From: robertwessel2 on
On Nov 21, 5:29 pm, "Skybuck Flying" <s...(a)hotmail.com> wrote:
> <robertwess...(a)yahoo.com> wrote in message
>
> news:3bac3f75-697b-4f5d-a835-89cf7375ba1f(a)j20g2000hsi.googlegroups.com...
>
>
>
>
>
> > On Nov 20, 11:39 pm, "Skybuck Flying" <s...(a)hotmail.com> wrote:
> >> Yeah baby !
>
> >> Skybuck's Universal Code must have impressed AMD LOL.
>
> >> They added a LZCNT instruction.
>
> >> Leading Zero Count.
>
> >> Nice !
>
> >> Might come in handy in the future !
>
> >> My point:
>
> >> If intel CPU does not have LZCNT instruction then they can forget about
> >> me
> >> buying their fricking chip.
>
> >> I'll definetly go for AMD chip... just for this single instruction yeah
> >> baby
> >> ! ;)
>
> >> Just because they added this instruction I am going to do some research
> >> into
> >> some areas if this allows new algorithms and fast methods for all kinds
> >> of
> >> stuff.
>
> >> Ofcourse my lips will be sealed for now because this is secret research
> >> but
> >> some fruits might come out of it ! ;) :D
>
> > As usual, if you had done even the slightest amount of research you
> > would have discovered that BSR has been in the ISA since the 486.
> > LZCNT is a somewhat improved version.
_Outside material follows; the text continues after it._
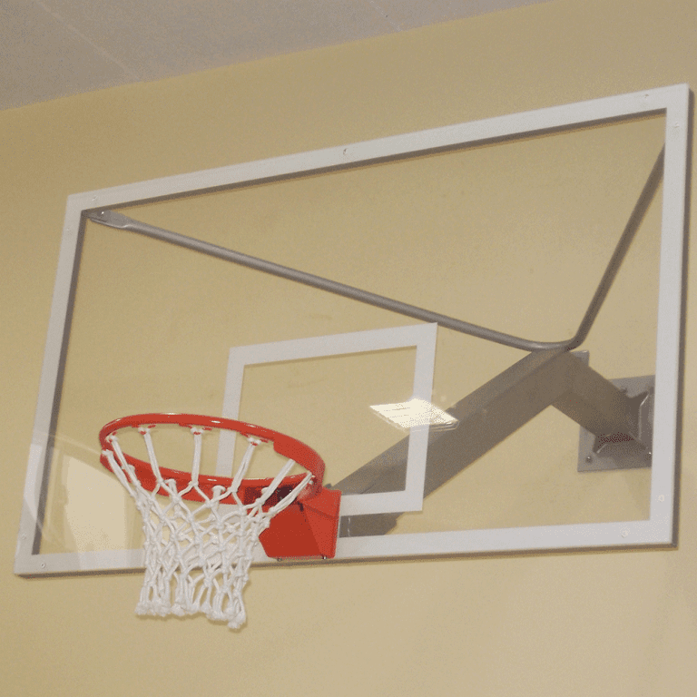 - Basketbol Potası Duvara Montaj, Yükseklik Ayarlı, Katlanabilir Mekanik, 10mm Cam Panya, 105×180 cm Sabit Çember
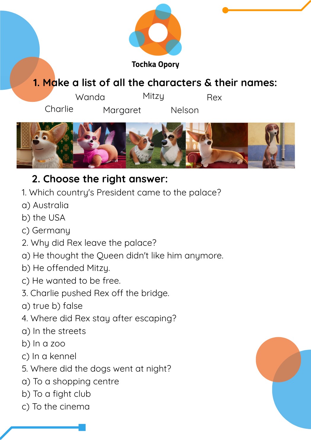 1. Which country's President came to the palace?a) Australia b) the USA c) Germany 2. Why did Rex leave the palace? a) He thought the Queen didn't like him anymore. b) He offended Mitzy. c) He wanted to be free. 3. Charlie pushed Rex off the bridge. a) true b) false 4. Where did Rex stay after escaping? a) In the streets b) In a zoo c) In a kennel 5. Where did the dogs went at night? a) To a shopping centre b) To a fight club c) To the cinema

The new instruction fixes a
> > design problem in that the old instruction does not deal with an all
> > zero input in a particularly useful way (it sets a condition code),
> > where as the new instruction sets the result to 32 (or 64). The use
> > of the condition code is problematic for high speed implementations on
> > heavily pipelined/out of order processors.
>
> BSR sets the bit index.
> If no one is found it's undefined.
>
> I am not sure how LZCNT is supposed to work.
>
> But I guess it returns a "count" which is different then a bit index.
>
> So there are differences.
>
> Try converting a BSR to a LZCNT, I like to see you do it...
>
> How many instruction is it going to take you to mimic LZCNT with BSR + extra
> instructions ? Hmmmmm ? ;)


If you're "not sure how LZCNT is supposed to work," how can you
seriously ask any of these questions?

First, the count and index values are identical. IOW, the "count" of
leading zeros in 0x40000000 (assuming a 32 bit value) is 3. The index
of the first one bit is 3.

As to equivalence:


lzcnt eax,ebx


bsr eax,ebx
jnz notzero
mov eax,32
notzero:


Like I said, bsr handles the zero input case in a less than completely
useful way (and the way the target register is handled in that case
introduces an unnecessary dependency). OTOH, if you're searching for
the first set bit in a larger structure, it doesn't matter, since
you'd use the zero flag to loop.

Lzcnt also sets the carry and zero flags differently. Lzcnt sets the
carry flag if the input is zero (which is what bsr does to the zero
flag), and sets the zero flag to reflect the returned value. In both
cases the other flags are mostly undefined.

So when are you going to learn how to read documentation? Hmmmmmm?